Studio album by Catfish and the Bottlemen
- Released: 15 September 2014
- Genres: Alternative rock; indie rock;
- Length: 37:38
- Labels: Island; Communion;
- Producer: Jim Abbiss

Catfish and the Bottlemen chronology
| Kathleen and the Other Three (2014) | The Balcony (2014) | The Ride (2016) |

Singles from The Balcony
- "Homesick" Released: 18 May 2013; "Rango" Released: 13 August 2013; "Kathleen" Released: 18 March 2014; "Fallout" Released: 7 July 2014; "Cocoon" Released: 23 September 2014; "Pacifier" Released: 1 December 2014; "Hourglass" Released: 19 August 2015;

= The Balcony (album) =

The Balcony is the debut studio album by Welsh indie rock band Catfish and the Bottlemen. It was released on 15 September 2014 in the United Kingdom by Island Records and 6 January 2015 in the United States by Communion Records.
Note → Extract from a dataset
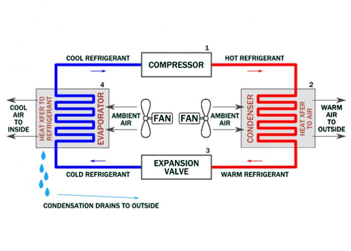 Without proper airflow through both the condenser and the evaporator, the phase changes cannot occur. Debris blocking the fins on either component will reduce or eliminate cooling capability and it may result in compressor damage.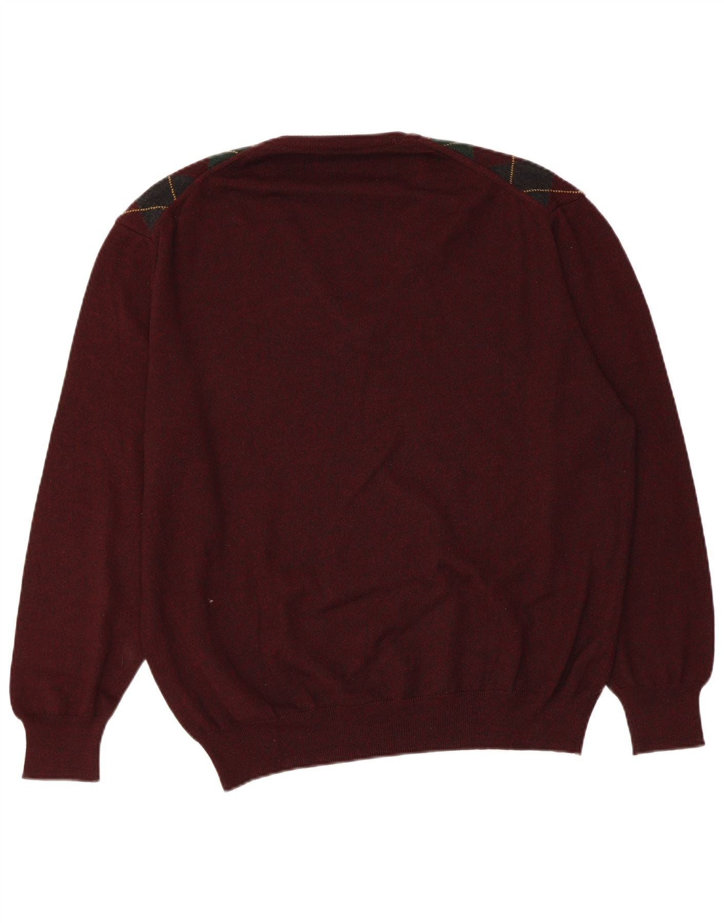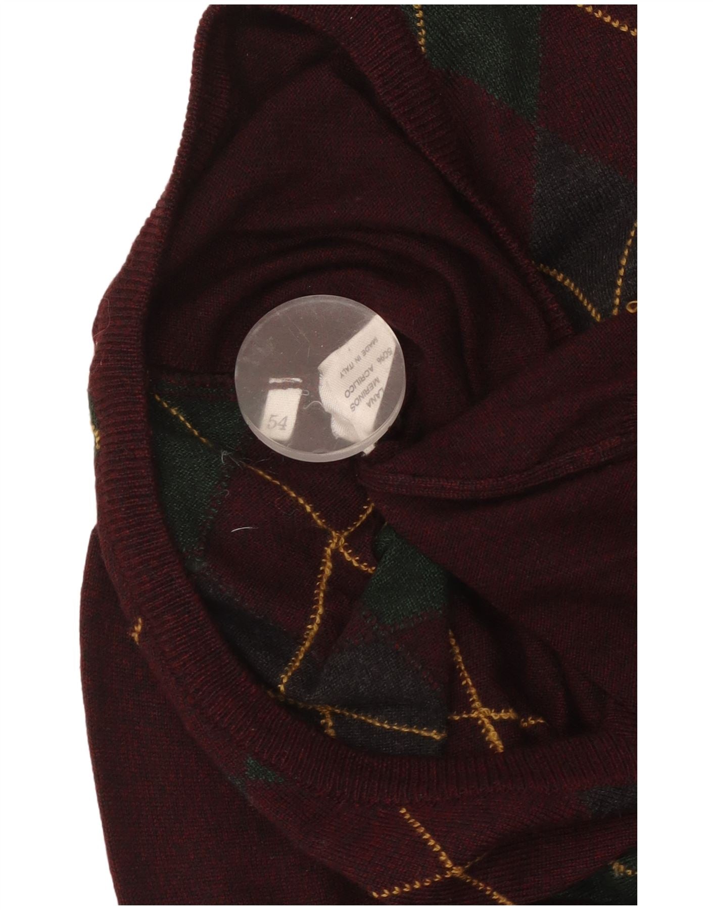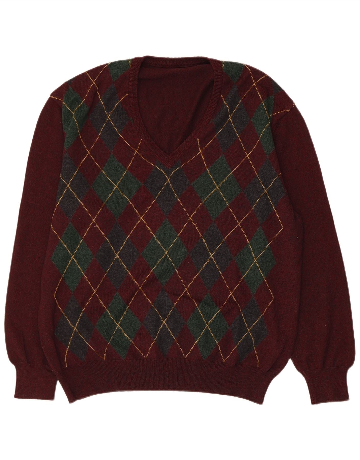 VINTAGE Herre V-hals sweater IT 54 XL Maroon Argyle/Diamond Wool

On 20 March 2015, The Balcony was awarded a Gold certification from the British Phonographic Industry. The album cover was designed by New York artist Tim Lahan who originally posted it to his Flickr account in 2009 and was subsequently contacted by the band.

The Balcony was nominated for the Welsh Music Prize 2014–15. As the band's second album The Ride was releasing, it was reported that The Balcony had sold 250,000 copies. In the United States, the album has sold 37,000 copies as of April 2016. In 2024, the band released a 10-year anniversary edition of the album, consisting of the album plus six bonus tracks.

Professional ratings
Aggregate scores
| Source | Rating |
| Metacritic | 52/100 |
Review scores
| Source | Rating |
| AllMusic | Star Half star |
| Clash | 6/10 |
| The Guardian | Star |
| musicOMH | Star Half star |
| NME | 4/10 |
| Q | Star |
| XS Noize | 7/10 |

==Reception==
Critical reception of the album was mixed, with review aggregator Metacritic giving it 52/100 based on 6 reviews. Writing for AllMusic, Scott Kerr gave it three and a half stars out of five, saying that McCann's "weathered and assured vocals" gave an impression of a more experienced band and that Billy Bibby provided "grand Johnny Marr-inspired guitar hooks that are unapologetically catchy, gritty, and full of swagger". Ben Homewood of NME was more critical, giving the album 4/10 for being "ham-fisted and about nine years too late" despite "unstoppable desire and conviction". Tillie Elvrum of XS Noize rated the album 7/10, calling it "an incredibly polished debut album."

==Track listing==
Lyrics by Van McCann and music by Catfish and the Bottlemen

| No. | Title | Length |
|---|---|---|
| 1. | "Homesick" | 2:30 |
| 2. | "Kathleen" | 2:43 |
| 3. | "Cocoon" | 3:59 |
| 4. | "Fallout" | 3:32 |
| 5. | "Pacifier" | 4:00 |
| 6. | "Hourglass" | 2:20 |
| 7. | "Business" | 3:43 |
| 8. | "26" | 3:41 |
| 9. | "Rango" | 3:00 |
| 10. | "Sidewinder" | 3:29 |
| 11. | "Tyrants" | 4:41 |
| Total length: |  | 37:38 |

==Trivia==
A censored version of their song "Cocoon" was featured in the EA Sports game, FIFA 15, as a part of the game's soundtrack.
Ewan McGregor features in the music video for the single "Hourglass".

==Personnel==
- Catfish and the Bottlemen
- Van McCann – lead vocals, rhythm guitar, piano
- Billy Bibby – lead guitar, backing vocals
- Benji Blakeway – bass guitar, backing vocals
- Bob Hall – drums, percussion

- Additional musicians
- Jim Abbiss – programming; additional piano (track 6)
- Ben Lovett – additional piano (track 4)

- Additional personnel
- Ian Dowling – engineering, mixing

==Charts==

===Weekly charts===

| Chart (2014–15) | Peak position |
|---|---|
| Australian Albums (ARIA) | 51 |
| UK Albums (Official Charts) | 10 |
| US Billboard 200 | 121 |
| US Heatseekers Albums (Billboard) | 4 |
| US Independent Albums (Billboard) | 8 |
| US Top Alternative Albums (Billboard) | 9 |
| US Top Rock Albums (Billboard) | 13 |

===Year-end charts===

| Chart (2015) | Position |
|---|---|
| UK Albums (OCC) | 36 |
| Chart (2016) | Position |
| UK Albums (OCC) | 63 |

==Certifications==

| Region | Certification | Certified units/sales |
| United Kingdom (BPI) | 2× Platinum | 600,000^{‡} |
^{‡} Sales+streaming figures based on certification alone.